Русская дива - Тополь Эдуард Владимирович. Страница 32
11
Анна сидела в глубине полупустого ресторанного зала и удивленно посматривала на часы. Если этому Барскому так нужны навигационные системы Аркадия, то какого черта он опаздывает? Конечно, можно встать и уйти, уже 3.06, и, не будь этот Барский полковником КГБ, она ушла бы еще пять минут назад. Но, как заметил ее отец, с КГБ не играют в такие игры. Раз уж они взялись за тебя, от них не отвяжешься, так лучше дождаться его и провести первый раунд. К тому же что-то в этом Барском было не то, какая-то, помимо гэбэшной наглости, странность, которая заинтересовала Анну. И даже не странность, а многоликость. Тогда, во время их встречи в кабинете хорька, он был сама импозантность касты кремлевских вершителей судеб страны. А при их телефонном разговоре его голос явно дрогнул и просел, словно он не добивался деловой встречи, а склонял ее к любовному свиданию. И эта трещинка тут же вселила в Анну уверенность, что она легко найдет компромат на товарища Барского: кто в руководстве сегодняшней России не берет взяток и не имеет тайных грехов — любовниц, внебрачных детей, незаконных дач или левых доходов от теневой экономики?

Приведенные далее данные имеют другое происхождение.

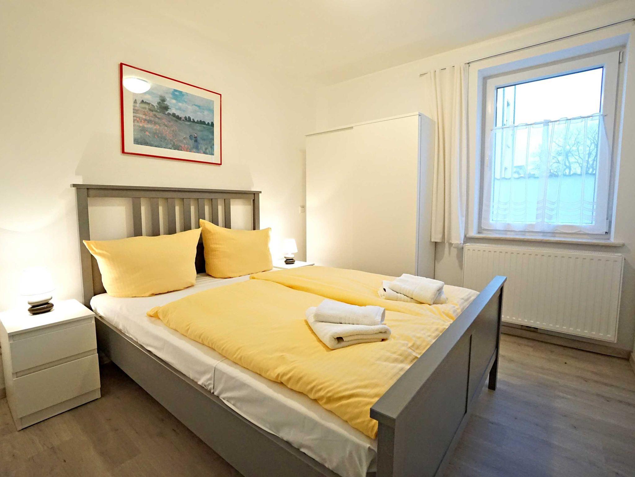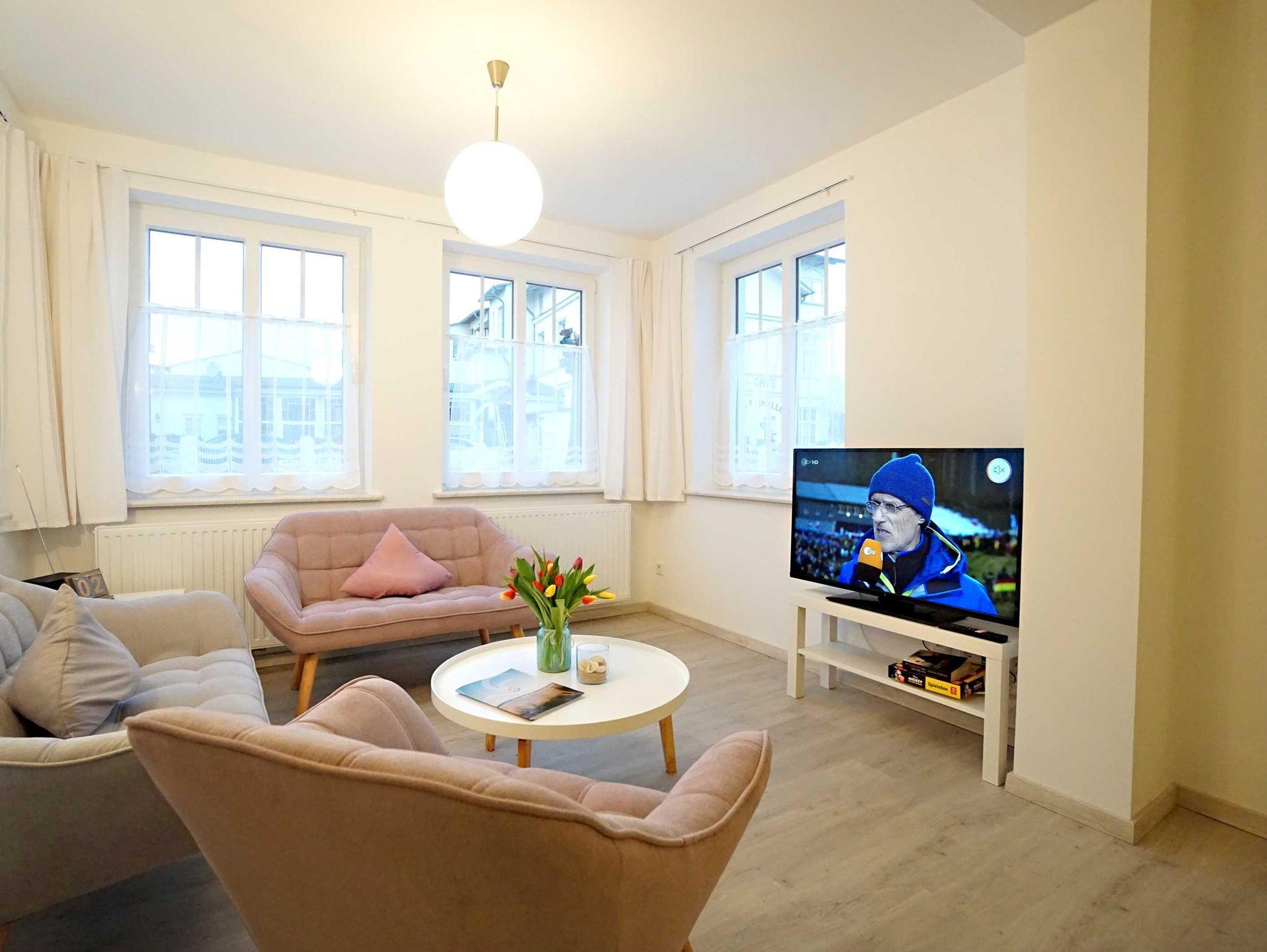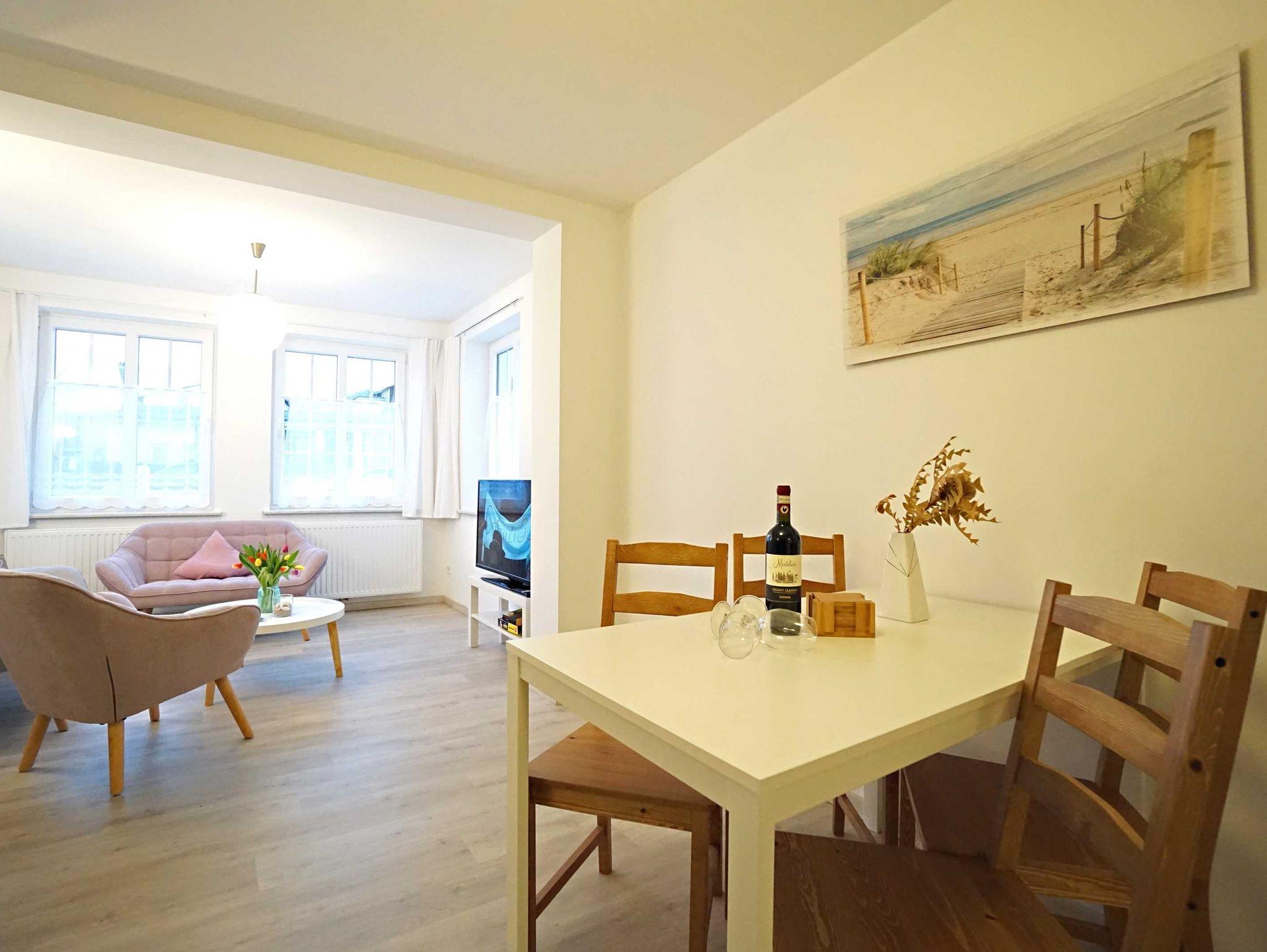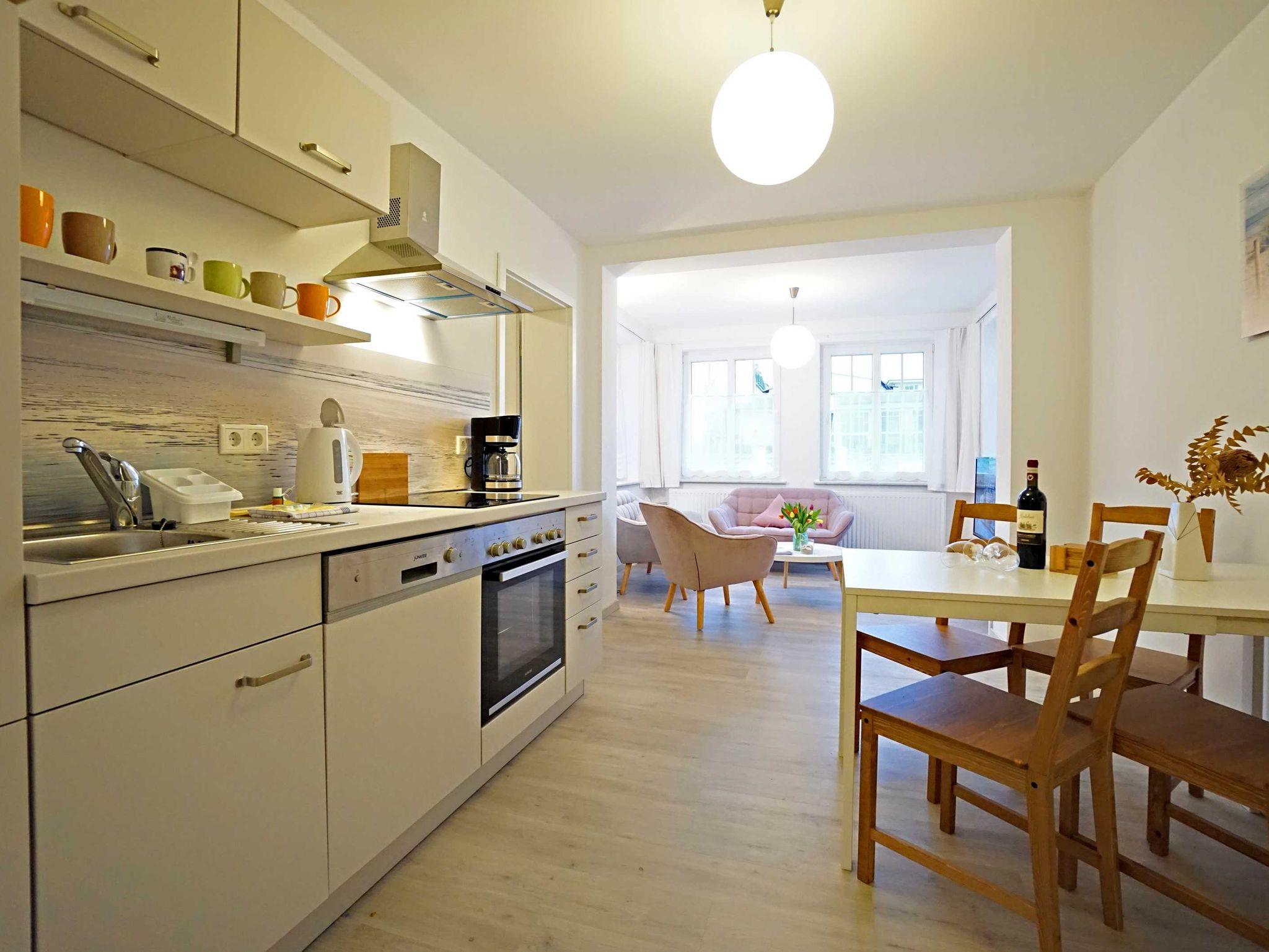 Die großzügige Ferienwohnung im Erdgeschoss verfügt über zwei Schlafzimmer, einen kombinierten Wohn- und Kochbereich sowie ein großzügiges Duschbad. Das große Schlafzimmer ist mit einem Doppelbett (160cm breit) ausgestattet und bietet genügend Platz für ein zusätzliches Kinderbett. Das zweite Schlafzimmer verfügt auch über ein Doppelbett (140cm breit). Der kombinierte Wohn- Kochraum verfügt über eine komplett ausgestattete Küchenzeile, einen Esstisch und eine gemütliche Fernsehecke im Erkerbereich. Die Wohnung besticht durch ihre komfortable, moderne Ausstattung, die Größe und die direkte Nähe zum feinen Ostseestrand und der Promenade.
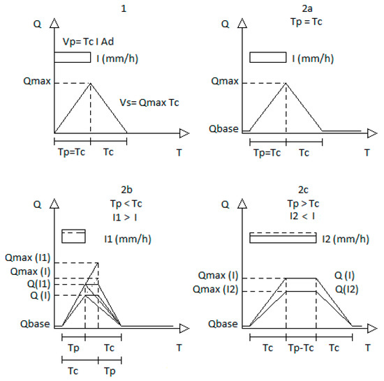 C is the runoff coefficient, a non-dimensional coefficient that is the ratio between the maximum direct flow per unit area drained and the maximum average intensity of precipitation that makes such a maximum flow occur, with a duration of Tp = Tc. In other words, in the classic formulation, C is the quotient between the volume of surface runoff, Vs, and the total volume of the precipitation, Vp = I (Tr, Tc) × Tc × Ad, assuming implicitly a hydrograph triangular symmetric of base 2 Tc [46,48,49]. See Figure 2 (1,2a), in which the triangular hydrograph is adapted to include a very small or residual base flow, required for the numerical integration performed. The basic simplifications [19,20] are that the maximum flow occurs when the whole of the drainage basin is contributing to the flow; the assumption of linear relations between the maximum flow and both the area of the drainage basin and the maximum average intensity of precipitation; that the rainfall is constant during Tc and in the physical space of the basin; and that the maximum flow and the maximum rainfall have the same period of return (which is normally defined in urban hydrology as the average time interval in years in which a selected occurrence is equalized or exceeded). The smaller the basin, the more acceptable these approximations, and thus the method loses validity for basins of large dimensions.
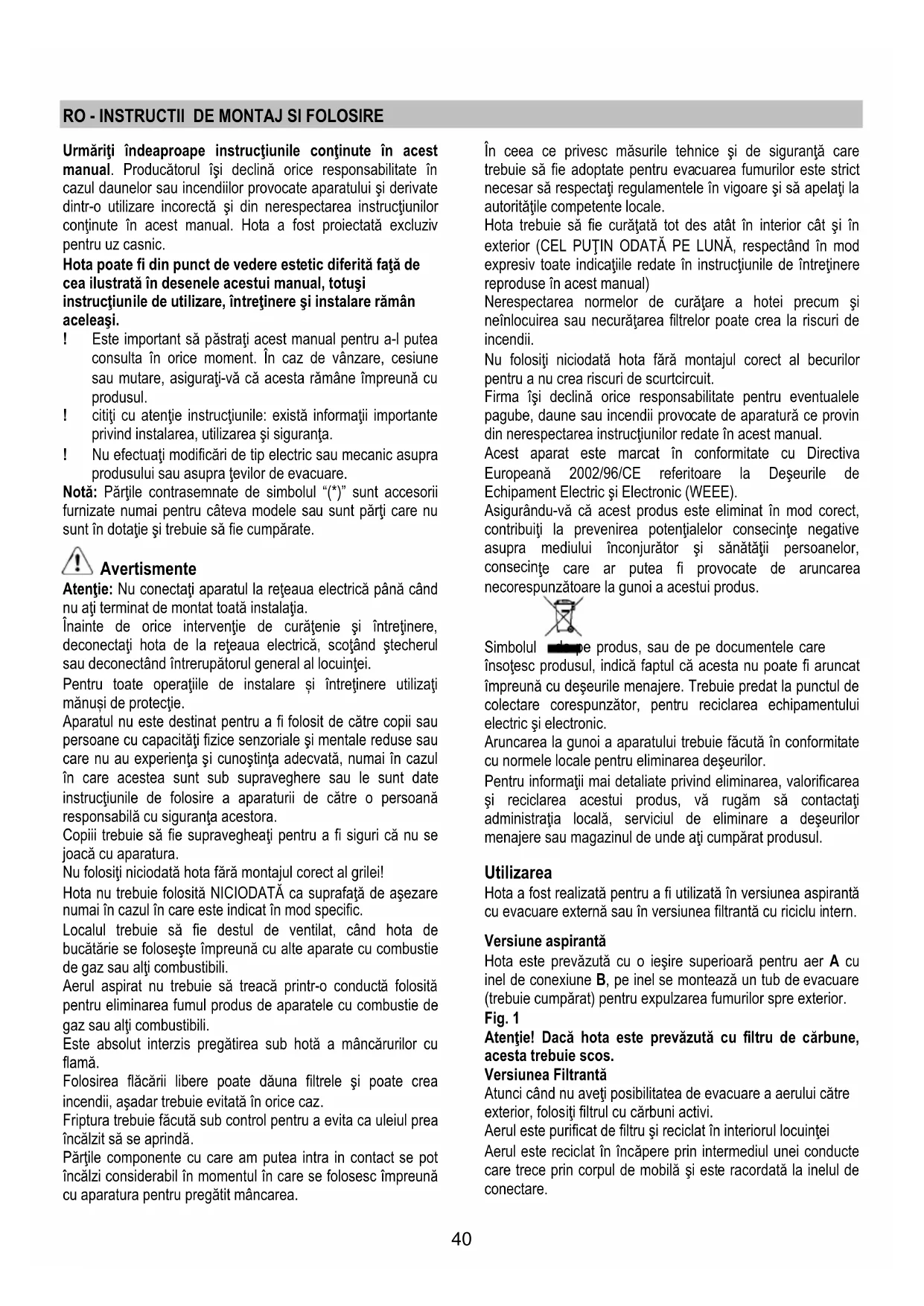 Urmarii indeaprope instruunile continute in acest manual. Producatorul i si declina orice responsabilitate in cazul daunelor sau incendiilor provocate aparatului si derivate dintr-outilizare incorecta si din nerespectarea instructiunilor continute in acest manual.Hota a fost proiectata excluziv pentru uz casnic.
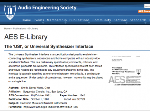 Smith then outlined a specification for a “Universal Synthesizer Interface” (USI). It was developed with the assistance of SCI’s Chet Wood and presented at the Fall, 1981 convention of the Audio Engineering Society (AES).

Однако, к изумлению Анны, Барский оказался идеально чист. Во всяком случае, согласно информации, которую получил ее отец у шоферов КГБ, кроме десятилетней давности развода, в биографии полковника Барского не было ни сучка, ни задоринки. Отличник сначала нахимовского мореходного училища, а потом Высшей школы КГБ, член КПСС, фанатик работы — словом, «трудокоголик», он, по свидетельству шоферов из гаража КГБ, не был ни бабником, ни алкашом, ни тайным гомосексуалистом и не брал взяток с евреев за разрешения на эмиграцию. У него не было дачи, собственной машины, дорогой мебели и даже приличной квартиры. Скорее всего, именно поэтому его жена еще десять лет назад ушла от него к какому-то дипломату и уехала с этим дипломатом на Кубу, оставив Барского в однокомнатной квартире с восьмилетней дочкой и его старухой матерью. Только два года назад вмеcте с полковничьими погонами Барский получил трехкомнатную квартиру, освобожденную уехавшими евреями, которую его мать и дочка тут же разменяли на две однокомнатные — они полагали, что, оставшись один, Барский заживет жизнью свободного мужчины и в конце концов женится. И какие-то признаки движения Барского в этом направлении шоферы КГБ стали замечать. Например, с год назад Барский вдруг стал одеваться в дорогие и модные импортные костюмы, которые даже в спецраспределителе КГБ стоят кучу денег. Однако мать его отошла в иной мир, так и не увидев сына ни с одной женщиной, а дочка, поступив в университет, стала пропадать на занятиях, и Барский, даже освободившись от домашних забот, весь свой досуг проводил не с женщинами, а все в том же Комитете госбезопасности на Лубянке, задерживаясь на работе чуть не за полночь.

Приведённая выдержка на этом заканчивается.